Privé-Git-connectiviteit instellen voor Azure Databricks Git-mappen (opslagplaatsen)
Leer meer over en configureer de Git-serverproxy voor Git-mappen van Databricks-werkruimte, een configureerbare service waarmee u Git-opdrachten vanuit Databricks-werkruimte-Git-mappen kunt doorsturen naar uw on-premises-Git-opslagplaatsen die worden beheerd door GitHub Enterprise Server, Azure DevOps Server, Bitbucket Server en zelfbeheerde GitLab.
Notitie
Gebruikers met een Databricks Git-serverproxy die tijdens de preview zijn geconfigureerd, moeten hun clustermachtigingen upgraden voor de beste prestaties. Zie Algemene CAN_ATTACH_TO-machtigingen verwijderen.

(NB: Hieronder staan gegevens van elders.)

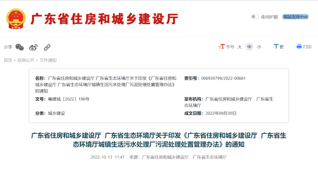 為進(jìn)一步加強(qiáng)全省城鎮(zhèn)生活污水處理廠(chǎng)污泥處理處置監(jiān)督管理工作,預(yù)防和減少污泥二次污染,促進(jìn)污泥資源化利用,省住房城鄉(xiāng)建設(shè)廳、省生態(tài)環(huán)境廳制定了《廣東省住房和城鄉(xiāng)建設(shè)廳廣東省生態(tài)環(huán)境廳城鎮(zhèn)生活污水處理廠(chǎng)污泥處理處置管理辦法》(下稱(chēng)《辦法》),該《辦法》于2022年11月1日起實(shí)施。

De Databricks Git-serverproxy is speciaal ontworpen om te werken met de versie van de Databricks Runtime die is opgenomen in het configuratienotebook. Gebruikers worden afgeraden om de Databricks Runtime-versie van het proxycluster bij te werken.

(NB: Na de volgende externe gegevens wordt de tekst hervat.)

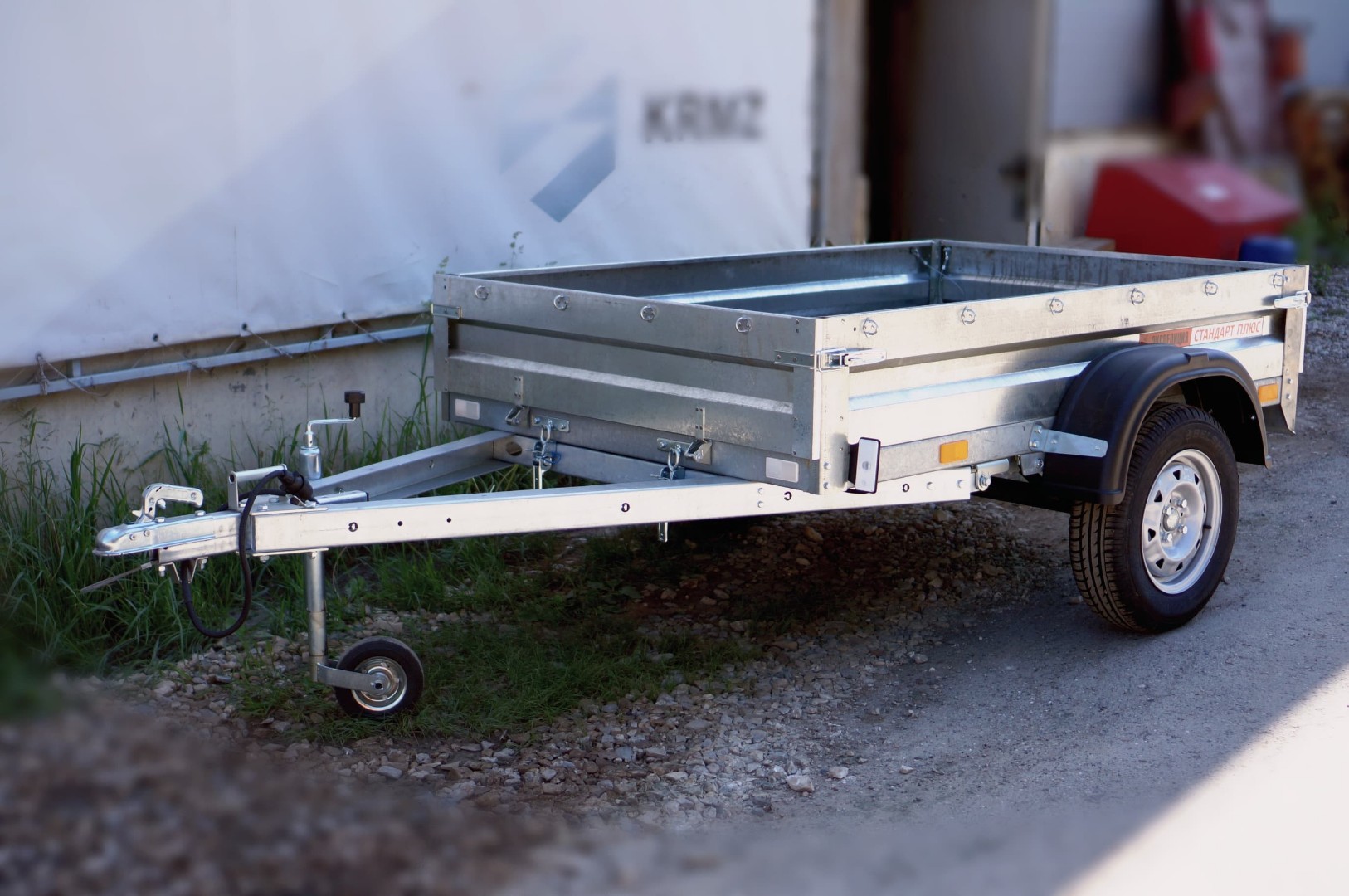 - Прицеп на рессорно-амортизаторной подвеске с днищем и светотехникой

Wat is Git-serverproxy voor Databricks Git-mappen?
Databricks Git-serverproxy voor Git-mappen is een functie waarmee u Git-opdrachten vanuit uw Azure Databricks-werkruimte kunt proxyen naar een on-premises Git-server.
Databricks Git-mappen (voorheen Repositories) vertegenwoordigen uw verbonden Git-opslagplaatsen als mappen. De inhoud van deze mappen wordt versiebeheerd door ze te synchroniseren met de verbonden Git-opslagplaats. Git-mappen kunnen standaard alleen worden gesynchroniseerd met openbare Git-providers (zoals openbare GitHub, GitLab, Azure DevOps en andere). Als u echter uw eigen on-premises Git-server host (zoals GitHub Enterprise Server, Bitbucket Server of GitLab zelfbeheerd), moet u Git-serverproxy gebruiken met Git-mappen om Databricks-toegang tot uw Git-server te bieden. Uw Git-server moet toegankelijk zijn vanaf uw Azure Databricks-gegevensvlak (stuurprogrammaknooppunt).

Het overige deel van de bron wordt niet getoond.